▸ **Problem**
A word-for-word copy of the lines below, starting at the line with "ピアスホールが完成するまでの" and ending at the last one, is what you should give. Omit every picture.
═══ Provided material
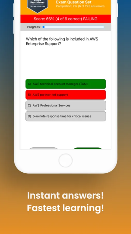 The correct answers are shown instantly for each question, so you learn straight from your mistakes.
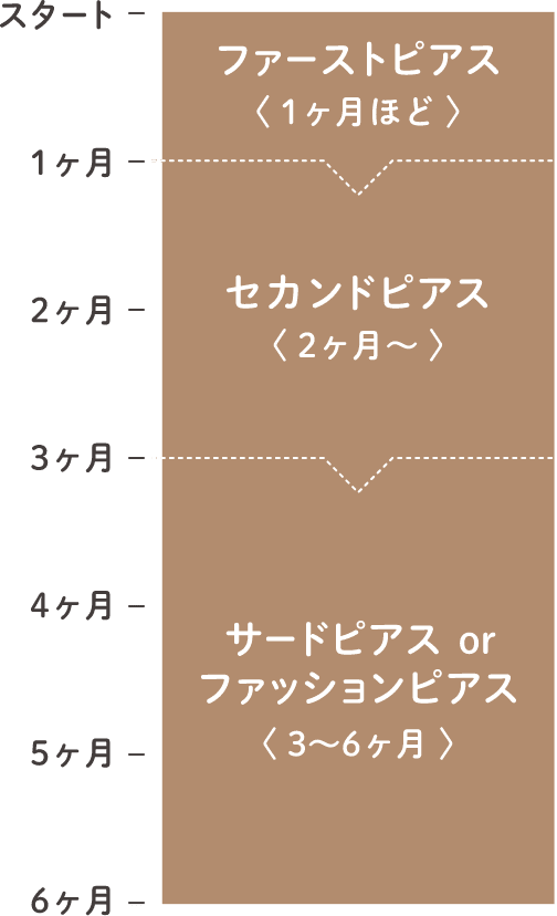 ピアスホールが完成するまでの間、ピアスはつけたまま。この時期は皮膚も薄く、一番アレルギーになる心配が 。...なるべく、安心できる素材のセカンドピアスで過ごしてください。早い方は2ヶ月くらい、お肌の弱い方は1年くらい掛かります。
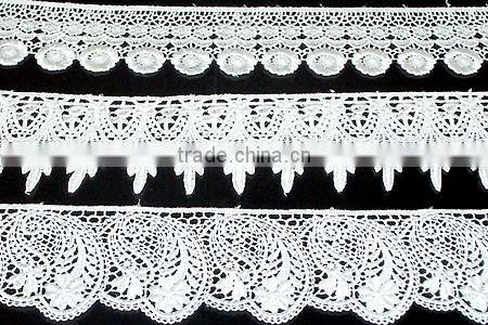 Weave the water soluble yarn into lace fabric, to work out the effect of cow shutter knitted fabrics. Specific usage: 1) Double the cow shutter clothing during weaving the lace fabric, knit the edge by water soluble yarn. 2) Put the finished lace fabric into certain temperature’s water to dissolve the water soluble yarn to reach the stereo effect. Advantage: Simplify the process procedure, save time and labor also the cost.
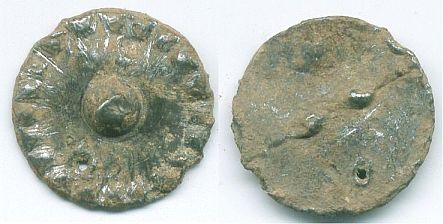 Diamètre 15mm Bronze étamé. Bossage sur le pourtour, le revers comporte deux points de fixations.
══════
▸ **Task response**
 ピアスホールが完成するまでの間、ピアスはつけたまま。この時期は皮膚も薄く、一番アレルギーになる心配が 。...なるべく、安心できる素材のセカンドピアスで過ごしてください。早い方は2ヶ月くらい、お肌の弱い方は1年くらい掛かります。
 Weave the water soluble yarn into lace fabric, to work out the effect of cow shutter knitted fabrics. Specific usage: 1) Double the cow shutter clothing during weaving the lace fabric, knit the edge by water soluble yarn. 2) Put the finished lace fabric into certain temperature’s water to dissolve the water soluble yarn to reach the stereo effect. Advantage: Simplify the process procedure, save time and labor also the cost.
 Diamètre 15mm Bronze étamé. Bossage sur le pourtour, le revers comporte deux points de fixations.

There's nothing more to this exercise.